[DATA EXTRACT — start]
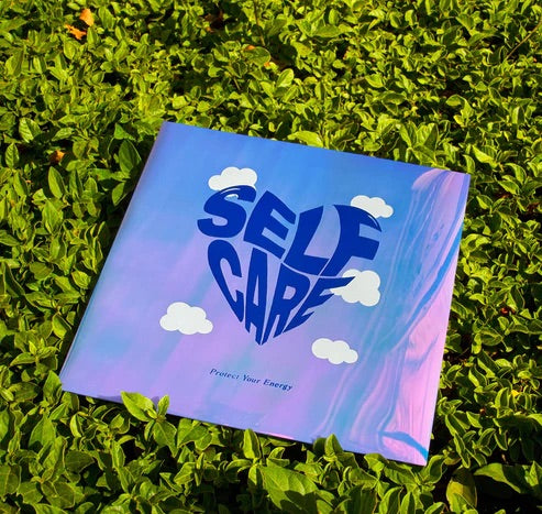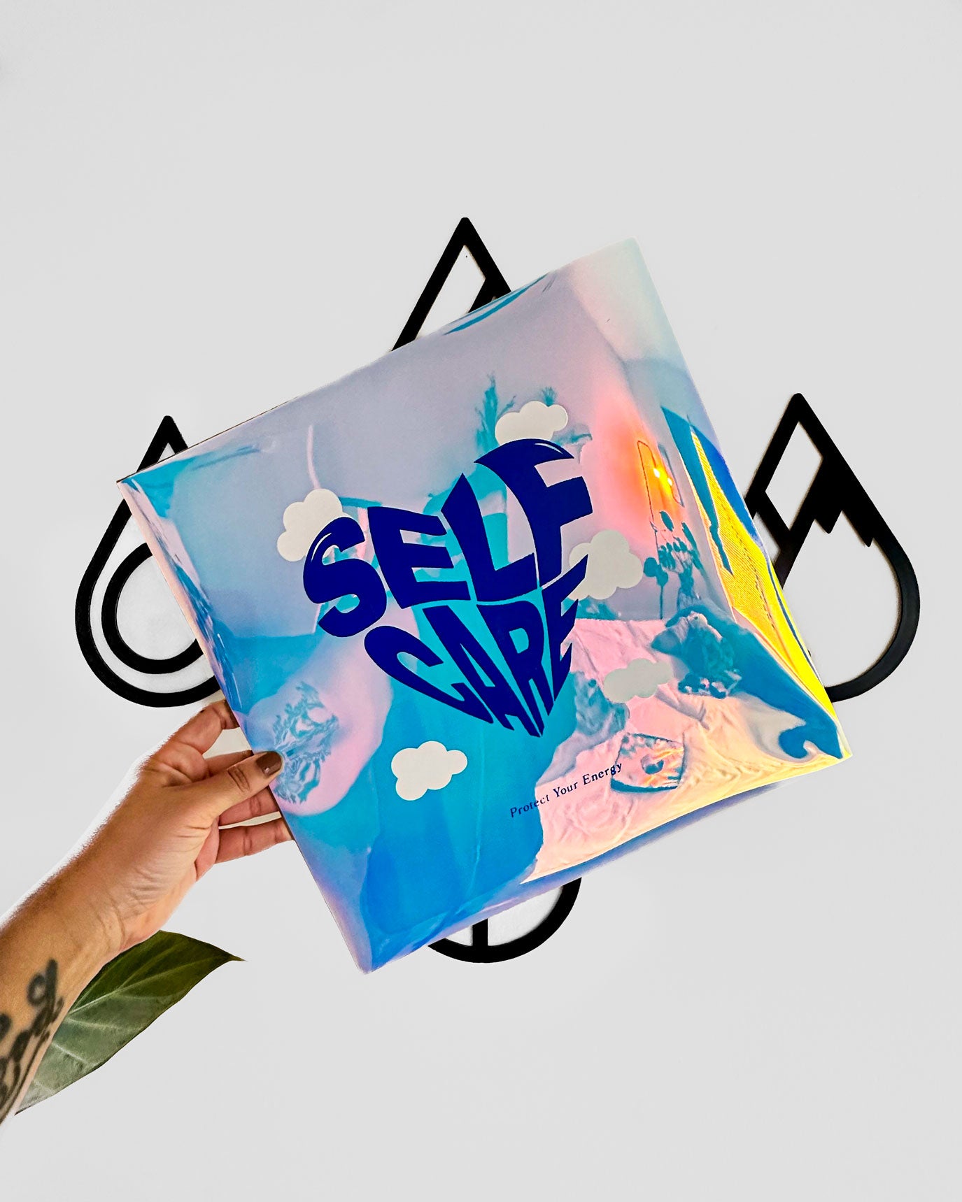 A minimalist design featuring the words "SELF CARE," screen printed on 12x12 holographic paper. The reflective surface catches the light, creating a dynamic effect that shifts with your perspective. Perfect as a subtle yet striking reminder of the importance of self-care, this print blends art and mindfulness for any modern space.
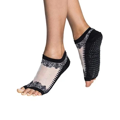 Open Toe Grip Socks Benefits: Tucketts Flow toeless socks enhance your foot-brain connection for better stability and grounding. Experience confidence and support with every step! Perfect for yoga pilates, barre, ballet, dance, and home wear. Enhanced Stability and Balance: Experience the freedom of movement with lightweight fabric, free toes, and superior grips that support postural alignment and dynamic movements, giving you a natural, barefoot sensation. Comfort Meets Style: Crafted in Colombia, our socks feature a soft blend of cotton, nylon, and spandex, ensuring moisture-wicking and slip-resistant properties. Available in an array of stylish patterns and colors to match your personality Eco-Friendly Practices: Committed to minimal environmental impact, Tucketts uses tree-free packaging and recycled yarns. We continuously improve our sustainable processes to support a healthier planet. Perfect Fit, Effortless Wear: Tucketts Flow Socks offer a snug, easy-to-wear fit in sizes Small/Medium (US 6-9) and Large/X-Large (US 10+), perfect for everyday comfort without the hassle of individual toe sleeves.
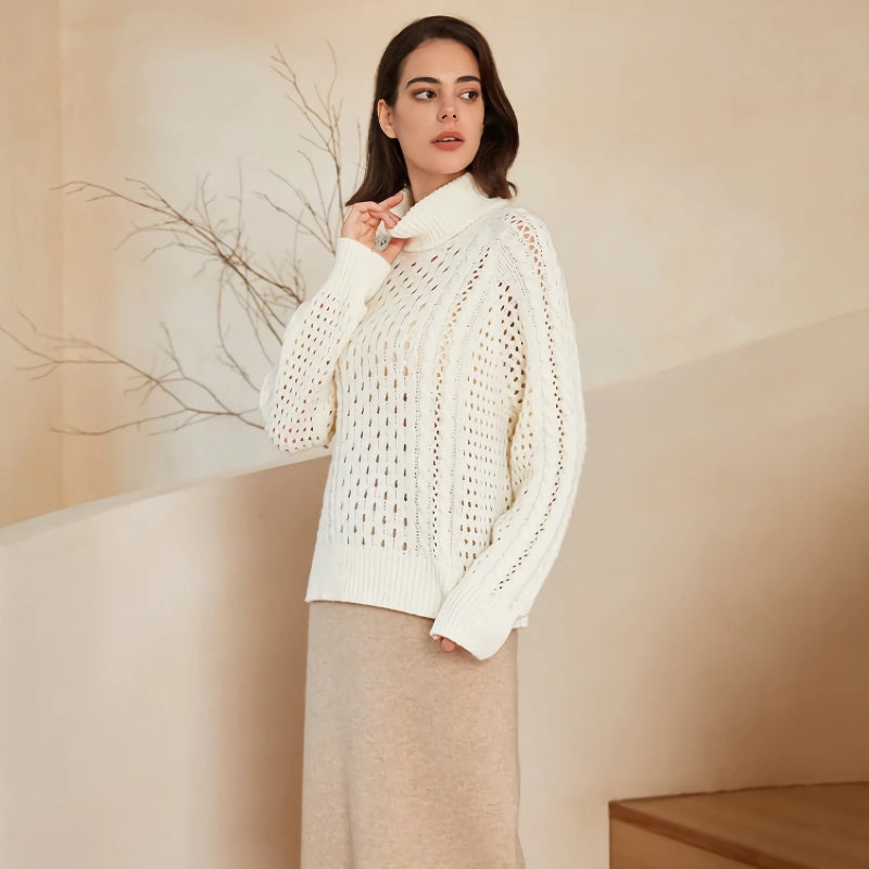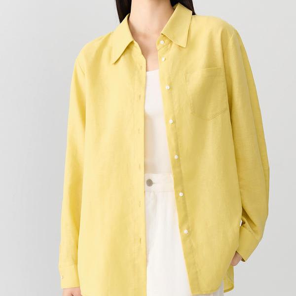 Autumn Long Sleeve Cotton Linen Polo Neck Blous
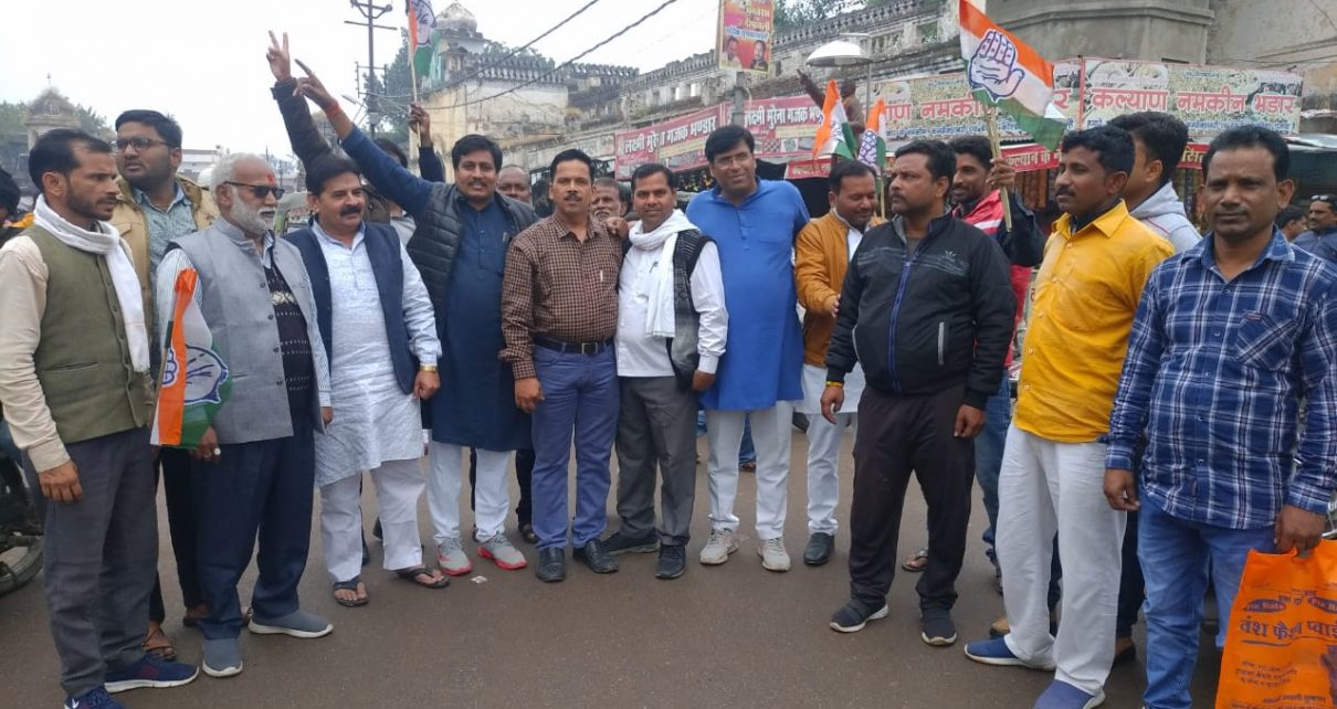 दतिया आज क़िला चौक पर जिला कांग्रेस अध्यक्ष अशोक दांगी बगदा के नेतृत्व में कांग्रेस पदाधिकारियो ने तीनों काले कृषि कानून रद्द होने की खुशी में जमकर नारेबाजी एवं अतिशबाजी की।
[DATA EXTRACT — finish]
All the lines above need to be repeated exactly, with no pictures carried over.

[SOLVED EXERCISE]
 A minimalist design featuring the words "SELF CARE," screen printed on 12x12 holographic paper. The reflective surface catches the light, creating a dynamic effect that shifts with your perspective. Perfect as a subtle yet striking reminder of the importance of self-care, this print blends art and mindfulness for any modern space.
 Open Toe Grip Socks Benefits: Tucketts Flow toeless socks enhance your foot-brain connection for better stability and grounding. Experience confidence and support with every step! Perfect for yoga pilates, barre, ballet, dance, and home wear. Enhanced Stability and Balance: Experience the freedom of movement with lightweight fabric, free toes, and superior grips that support postural alignment and dynamic movements, giving you a natural, barefoot sensation. Comfort Meets Style: Crafted in Colombia, our socks feature a soft blend of cotton, nylon, and spandex, ensuring moisture-wicking and slip-resistant properties. Available in an array of stylish patterns and colors to match your personality Eco-Friendly Practices: Committed to minimal environmental impact, Tucketts uses tree-free packaging and recycled yarns. We continuously improve our sustainable processes to support a healthier planet. Perfect Fit, Effortless Wear: Tucketts Flow Socks offer a snug, easy-to-wear fit in sizes Small/Medium (US 6-9) and Large/X-Large (US 10+), perfect for everyday comfort without the hassle of individual toe sleeves.
 Autumn Long Sleeve Cotton Linen Polo Neck Blous
 दतिया आज क़िला चौक पर जिला कांग्रेस अध्यक्ष अशोक दांगी बगदा के नेतृत्व में कांग्रेस पदाधिकारियो ने तीनों काले कृषि कानून रद्द होने की खुशी में जमकर नारेबाजी एवं अतिशबाजी की।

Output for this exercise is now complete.